# Bob Hoover



## AWP (Oct 30, 2016)

He passed away this week at the age of 94. Why is this post worthy?

Pour Out an Iced Tea for Bob Hoover

Aviation hero Bob Hoover, the last of a daredevil era, helped launch the jet age



> He flew in North Africa before pulling a primo assignment piloting a Spitfire out of Sicily. After getting shot down over the Mediterranean, Hoover spent more than a year as a German prisoner in Stalag Luft 1 before making a run for it as the Russians advanced on the camp.
> 
> *Hoover stole a German Focke Wulf 190* and flew like mad to get behind the Western front.
> 
> He stayed on with the Air Corps as it became the Air Force, serving as a test pilot, and eventually as both Chuck Yeager’s wingman and the backup pilot for his famous Mach 1 flight in the Bell X-1





> He ejected out of one of the first combat jets, the Republic F-84, in 1947 and hit the tail at 500 mph — breaking both legs and injuring his face. Several years later, he was trapped in a disabled F-100 Super Sabre that slammed into the desert, bounced 200 feet back into the air and then slammed down again. That accident broke his back, and rescue crews had to cut Hoover free from the wreckage.



Go to Youtube and look up his airshow routine he flew in a twin Commander. It is just sick.

Blue Skies.


----------



## TLDR20 (Oct 30, 2016)

Total stud. Blue skies.

He escaped from a POW camp and stole a goddamn German plane to escape.


----------



## Kraut783 (Oct 30, 2016)

TLDR20 said:


> Total stud. Blue skies.
> 
> He escaped from a POW camp and stole a goddamn German plane to escape.



Freaking bad ass.....Blue Skies Sir.


----------



## Grunt (Oct 30, 2016)

Rest In Peace, Warrior! You have left an awesome legacy for others to follow.


----------



## Gunz (Oct 30, 2016)

I wonder if he was the inspiration for that scene with James Garner in _The Great Escape? _ Sounds like Bob Hoover out-ballsed even Yeager.


----------



## TLDR20 (Oct 30, 2016)

Ocoka One said:


> I wonder if he was the inspiration for that scene with James Garner in _The Great Escape? _ Sounds like Bob Hoover out-ballsed even Yeager.

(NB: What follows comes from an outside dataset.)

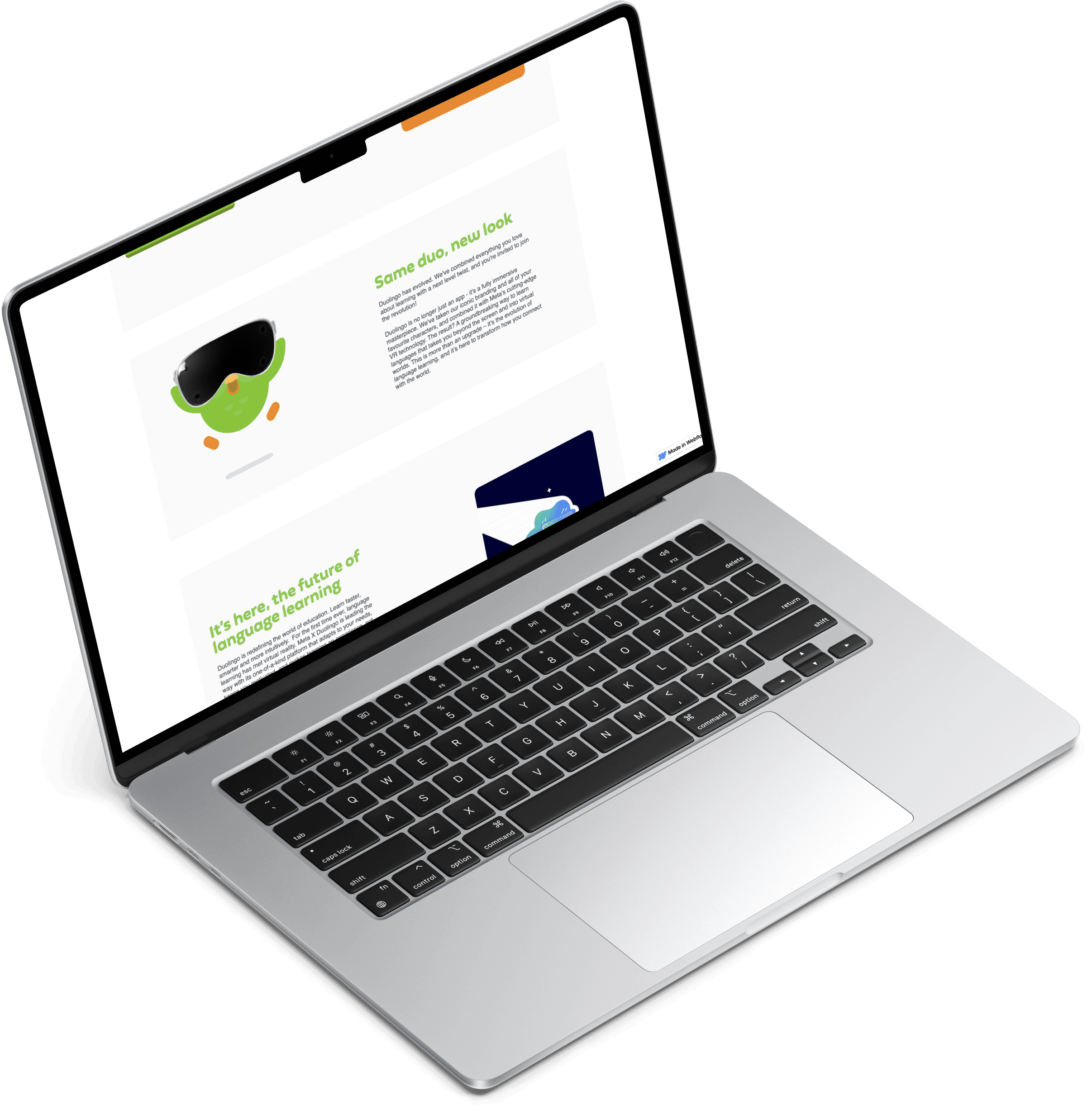 An interactive, motion site showcasing the future of language learning with Meta x Duolingo VR

Yeager called him the best pilot he'd ever seen.


----------



## CDG (Oct 30, 2016)

RIP Sir. What a life!

ETA:  Kudos to that flight doctor early in Mr. Hoover's career.  So close to us never knowing who Bob Hoover was.


----------



## AWP (Oct 30, 2016)

Enjoy.






GOAT


----------



## Gunz (Oct 30, 2016)

Unfuckingbelievable dead-stick maneuvers. He makes it look so simple--and to him it probably was.


----------



## TLDR20 (Oct 30, 2016)

He also barrel rolled a 707 in an effort to "sell airplanes"...


----------



## Red Flag 1 (Oct 30, 2016)

[Q


----------



## SpitfireV (Nov 1, 2016)

There's video of that iirc.


----------



## Ranger Psych (Nov 1, 2016)

Red Flag 1 said:


> Most folks won't get the risk in a barrel roll on any of the big people movers. It's more than spilling your drink.



Or that theres zero risk if done right... lol


----------



## BuckysBadger24 (Nov 1, 2016)

Wow what an unbelievable man.  Absolute badass.  I'd say blue skies but this man probably accomplished more on a cloudy day than I could in a lifetime.  Rest In God's Own Peace Sir.


----------



## Yosemite (Nov 1, 2016)

Oh man my Dad used to tell me stories about him all the time growing up. One of my inspirations, and a big reason I got into aviation. RIP Sir


----------